┌──

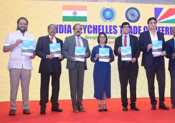 இந்தியா மற்றும் சீ ஷெல்ஸ் நாடுகள் வர்த்தக மாநாடு சென்னையில் நடைபெற்றது இதில் மாநாட்டின் விழா மலரை இந்தியாவுக்கான சீஷெல்ஸ் உயர் ஆணையர் லலாடியானா அக்கோச். வெளியிட்டார் இடமிருந்து வலம் தினமலர் கோபால்ஜீ இந்திய காமன்வெல்த் வர்த்தக கான்சில் கௌரவ ஆணையர் கருணாநிதி வைத்தியநாதசாமி வர்கீஸ் மூலன் இந்திய பொருளாதார வர்த்தக அமைப்பின் தலைவர் ஆசிப் இக்பால் மற்றும் தரீன் உள்ளிட்டவர்கள் பங்கேற்றனர்.
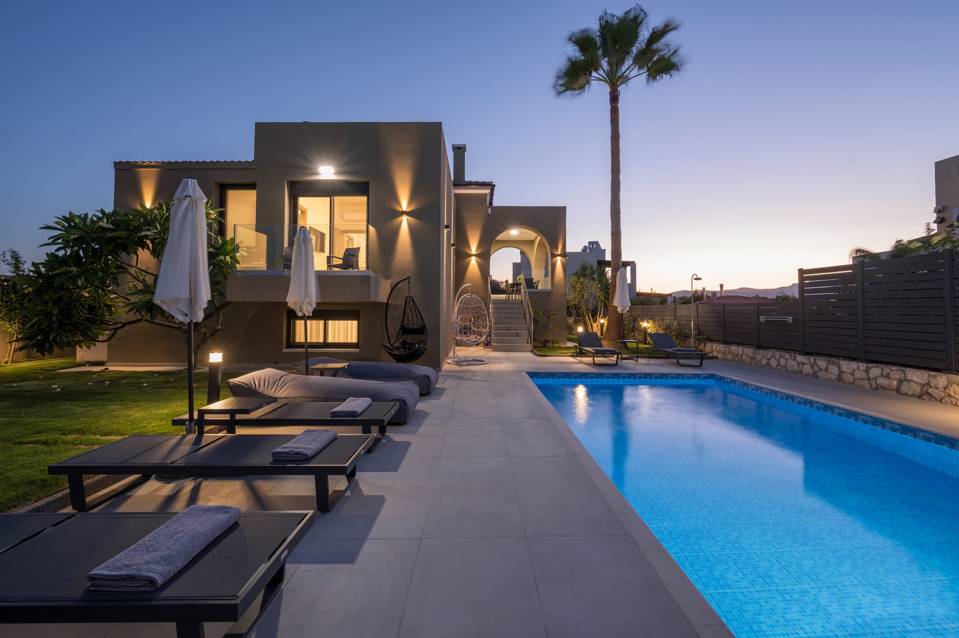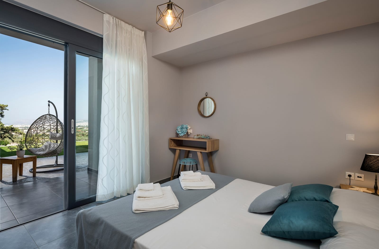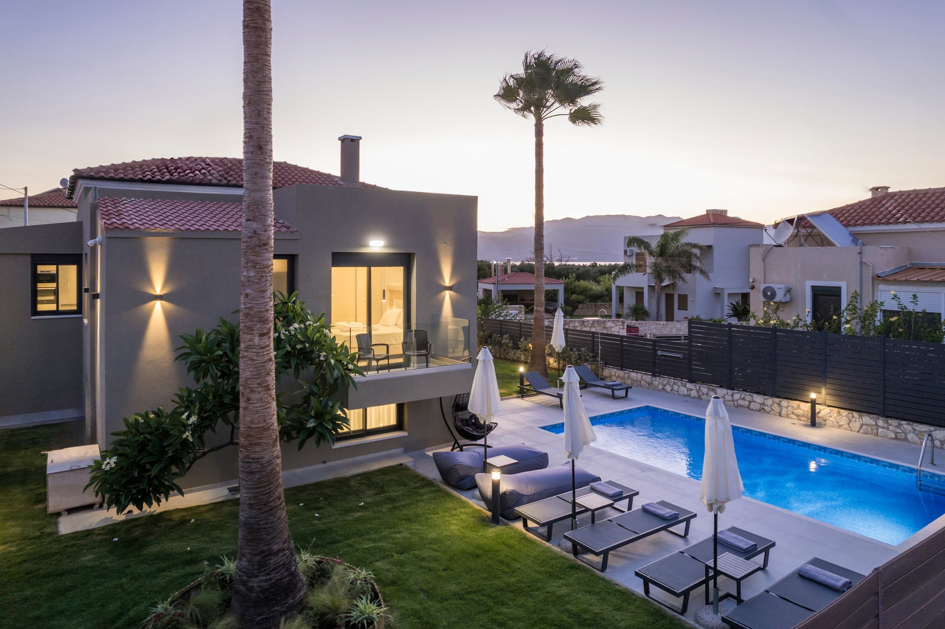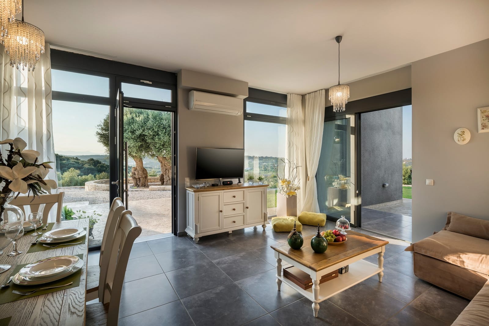 Olivenest Villa is located in Perivolia village, very close to the historic city of Chania (6.1 km), at an altitude of 90 m., In the foothills of the White Mountains, overlooking the city and the Cretan sea. Numerous shops for the daily supplies are located close to the villa. In the picturesque alleys of Chania you can find many souvenir shops, jewelry shops and atmospheric restaurant. Olivenest Villa is found in a strategic location to explore Western Crete’s attractions and more than 50 beautiful beaches. The closest organized beach Nea Chora is only 10 minutes ’drive, but you can head west to discover the turquoise-watered and pink-colored beaches of Falassarna, Balos lagoon and Elafonissi. Visit Paleochora for its six beautiful beaches and amazing local food to taste in tavernas. Samaria and Irini gorges are every nature lovers ’dream in Crete. The view from the archaeological site of Aptera is fantastic, from where you can see the entire gulf of Souda and part of Apokoronas.
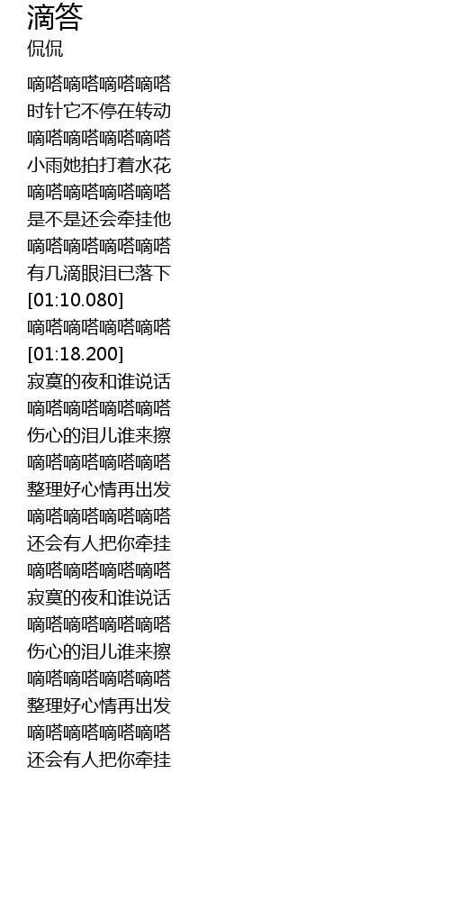 | [01:13.890] | 嘀嗒嘀嗒嘀嗒嘀嗒 |
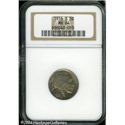1916-S 5C MS64 NGC. Apricot, steel-blue, and gunme <B>1916-S 5C MS64 NGC.</B></I> Apricot, steel-blue, and gunmetal-gray colors embrace this lovely near-Gem. The borders are needle-sharp, while the centers have only slight softness. An interesting slender vertical strike-thru (as made) is on the hair braid. <BR><BR><B>Important notice:</B> Heritage usually auctions material at the rate of 200-250 lots per hour. On some occasions eBay Live bid software or the Internet may not be able to keep up with the pace of the auction. We recommend placing a realistic absentee bid now as insurance to avoid disappointment. Occasionally the auctioneer may eliminate or reject an eBay Live bid, and the auctioneer may also reopen a lot after the close of the eBay live bidding (usually because we missed an audience bid), and may reject your bid even if it shows you as the winning bidder. By bidding via eBay Live, you agree that Heritage may award the lot to another bidder at its sole discretion under the circumstances described above or any other reasonable circumstances. Since eBay bids are not shown to us until we open the lot on the floor, we treat those bids just like floor bids. In most cases the floor responds before the eBay bid is presented to us, due to Internet lag time, so for consistency we have made it a policy that floor bids are always considered first over tie eBay live bids. Also please note that all Heritage lots purchased through eBay Live carry a 20% Buyer's Premium. Please make sure you read the Terms and Conditions before you bid. This lot is being auctioned in conjunction with a live floor auction by Heritage Galleries & Auctioneers. All final auction and invoice information will be supplied by Heritage Galleries & Auctioneers, and all other information should be considered preliminary. Lot:5572
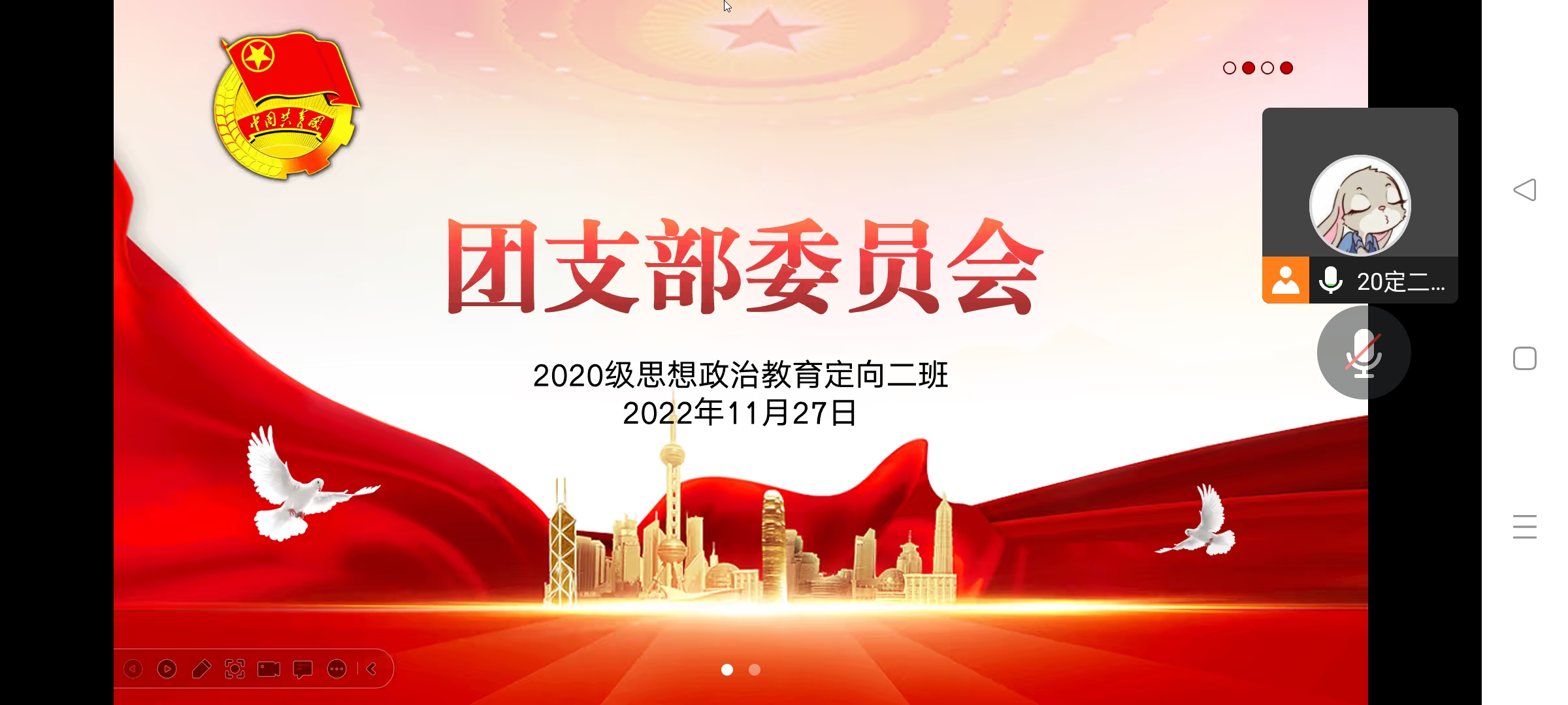 11月27日晚上,永利集团官网2020级思想政治教育定向二班通过腾讯会议召开班委工作线上述职会。定向二班全体班委准时参会。会议由团支书李晨曦主持。

└──

** ACTIVITY **
Your copy must hold exactly the lines from the one with "1916-S 5C MS64 NGC. Apricot, steel-blue, and" to the end of the records above, both included, and no pictures.

** REPLY TO THE EXERCISE **
1916-S 5C MS64 NGC. Apricot, steel-blue, and gunme <B>1916-S 5C MS64 NGC.</B></I> Apricot, steel-blue, and gunmetal-gray colors embrace this lovely near-Gem. The borders are needle-sharp, while the centers have only slight softness. An interesting slender vertical strike-thru (as made) is on the hair braid. <BR><BR><B>Important notice:</B> Heritage usually auctions material at the rate of 200-250 lots per hour. On some occasions eBay Live bid software or the Internet may not be able to keep up with the pace of the auction. We recommend placing a realistic absentee bid now as insurance to avoid disappointment. Occasionally the auctioneer may eliminate or reject an eBay Live bid, and the auctioneer may also reopen a lot after the close of the eBay live bidding (usually because we missed an audience bid), and may reject your bid even if it shows you as the winning bidder. By bidding via eBay Live, you agree that Heritage may award the lot to another bidder at its sole discretion under the circumstances described above or any other reasonable circumstances. Since eBay bids are not shown to us until we open the lot on the floor, we treat those bids just like floor bids. In most cases the floor responds before the eBay bid is presented to us, due to Internet lag time, so for consistency we have made it a policy that floor bids are always considered first over tie eBay live bids. Also please note that all Heritage lots purchased through eBay Live carry a 20% Buyer's Premium. Please make sure you read the Terms and Conditions before you bid. This lot is being auctioned in conjunction with a live floor auction by Heritage Galleries & Auctioneers. All final auction and invoice information will be supplied by Heritage Galleries & Auctioneers, and all other information should be considered preliminary. Lot:5572
 11月27日晚上,永利集团官网2020级思想政治教育定向二班通过腾讯会议召开班委工作线上述职会。定向二班全体班委准时参会。会议由团支书李晨曦主持。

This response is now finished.